A obra se constitui no desenho de um padrão do movimento cíclico da vida, começando pela coragem de nascer, com a faixa Iniciação, percorrendo diversas nuances, até findar com a morte necessária para renascer, com a faixa Despedida. “Lunar é um convite a recordar a inteligência cíclica da vida. As canções estão diretamente ligadas a uma investigação pessoal e artística em torno dessa energia cíclica que move tudo o que é vivo, do vazio criativo ao brotar, crescer, dar e colher frutos, processar e morrer para renascer”, explica Laura. Também fazem parte do repertório as canções Lunar, Depois do Horizonte, Flecha – composição da artista com sua mãe Conceição Tavares –, Chão Novo, entre outras.
Além das composições e parcerias, Lunar traz quatro faixas com cantigas tradicionais. Uma delas, “Ajuda Eu, Tambor”, traz um arranjo que entrelaça três cantigas: uma brasileira, uma do Togo e uma da Costa do Marfim; cantadas por Laura junto a artistas convidados desses três países e também do Burkina Faso. “É uma faixa dedicada ao encontro, à diversidade que encontramos quando vamos abertos para o mundo”. Laura tem viajado regularmente ao Burkina Faso desde 2018, trabalhando em parceria com o contador de histórias François Moïse Bamba – que também canta no álbum – e participando do seu Festival Internacional dos Patrimônios Imateriais-FIPI. Nessas viagens, a música é sempre viés de encontro. O diálogo com a musicalidade da África do Oeste aparece em outras faixas, com participações também de instrumentistas locais.

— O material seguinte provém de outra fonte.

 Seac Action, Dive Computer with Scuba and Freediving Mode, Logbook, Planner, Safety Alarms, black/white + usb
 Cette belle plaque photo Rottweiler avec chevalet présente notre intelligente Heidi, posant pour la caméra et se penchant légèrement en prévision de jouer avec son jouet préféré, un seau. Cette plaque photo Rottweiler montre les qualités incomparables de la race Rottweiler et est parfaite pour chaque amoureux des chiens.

Com instrumentação base de vozes, cordas e percussões, Lunar tem no time principal ao lado de Laura, que assina as vozes e algumas percussões, Rodrigo Samico – cordas –, Helder Vasconcelos – percussões e fole de oito baixos –, Johann Brehmer – percussões e concertina – e Rodrigo Félix – percussões. Nas participações especiais, além dos artistas africanos, estão também artistas brasileiros como Alessandra Leão e André Hosoi, do grupo Barbatuques. A produção musical é de Laura Tamiana e Helder Vasconcelos, com a coprodução de Rodrigo Samico e Johann Brehmer. Os arranjos do álbum foram feitos coletivamente por Laura, Helder, Johhan, Félix e Samico, que assina os arranjos das cordas, com a participação também dos convidados.

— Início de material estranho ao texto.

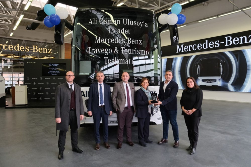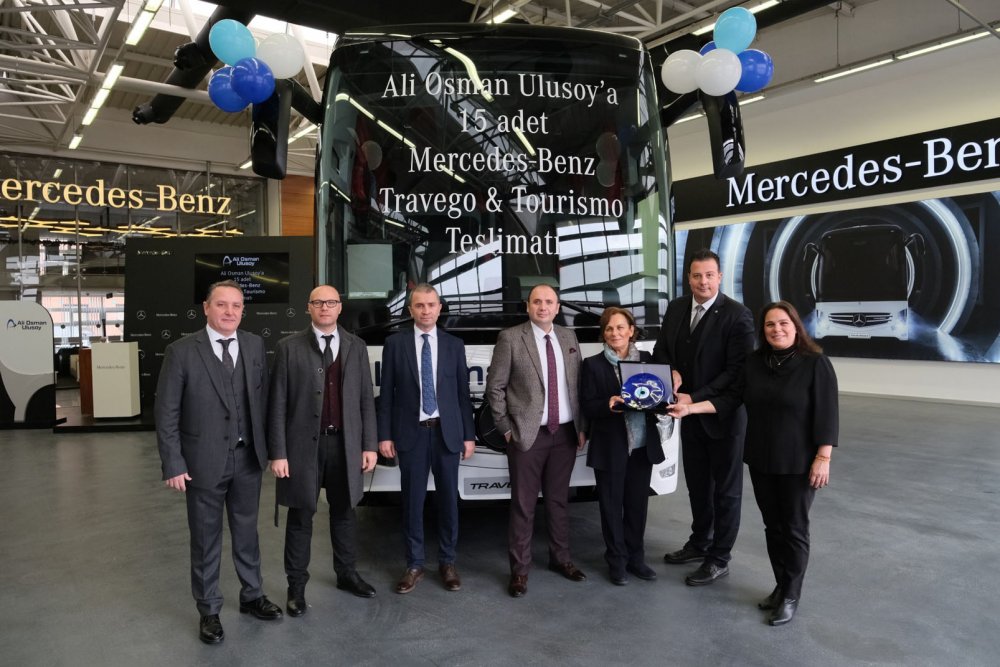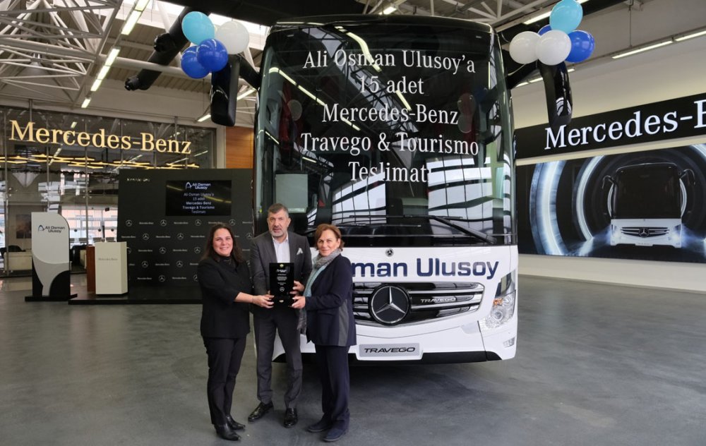 Mercedes-Benz Kamyon Finansman’ın kredi desteğiyle Mercedes-Benz Türk bayisi Hassoy tarafından yapılan satış, 15. otobüs olan Mercedes-Benz Travego 16 2+1'in teslimatıyla tamamlandı. Mercedes-Benz Türk Otobüs Teslimat Holü’nde gerçekleştirilen törene; Ali Osman Ulusoy Şirketler Grubu Yönetim Kurulu Başkanı Hülya Ulusoy, Ali Osman Ulusoy Şirketler Grubu Yönetim Kurulu Başkan Yardımcısı Ahsen Aydın, Ali Osman Ulusoy Şirketler Grubu Yönetim Kurulu Başkan Yardımcısı Gülşah Helva, Ali Osman Ulusoy Şirketler Grup Başkanı Murat Seymen, Ali Osman Ulusoy Turizm Genel Müdürü Eray Eray, Mercedes-Benz Türk Otobüs Satış ve Pazarlama Direktörü Osman Nuri Aksoy, Mercedes-Benz Türk Otobüs Filo Satış Grup Müdürü Burak Batumlu, Hassoy Motorlu Vasıtalar Genel Müdürü Selim Saral ve Hassoy Motorlu Vasıtalar Otobüs Satış Müdürü Cenk Soydan katıldı.

O disco marca a estreia da paulistana radicada em Recife Laura Tamiana como compositora e cantora-intérprete solo. Multiartista, com uma carreira que propõe diálogos entre as artes visuais, as artes da cena, a cultura popular, a música e a palavra, Laura vem compondo canções desde 2014. “Vinha há alguns anos acalentando esse desejo do disco, e com as interrupções das viagens, que normalmente ocupam bastante minha agenda, devido à pandemia, pensei: "é agora". Com os recursos da Lei Aldir Blanc, junto com um chapéu de contribuições, conseguimos viabilizar. Penso que não por acaso ele nasce nesse momento, que nos demanda reflexões tão profundas. Sinto que esse exercício de recordar nossa natureza cíclica é essencial aos nossos processos e às transformações pessoais e coletivas que se mostram urgentes em nosso tempo. É nesse aprendizado que tenho buscado minhas forças”.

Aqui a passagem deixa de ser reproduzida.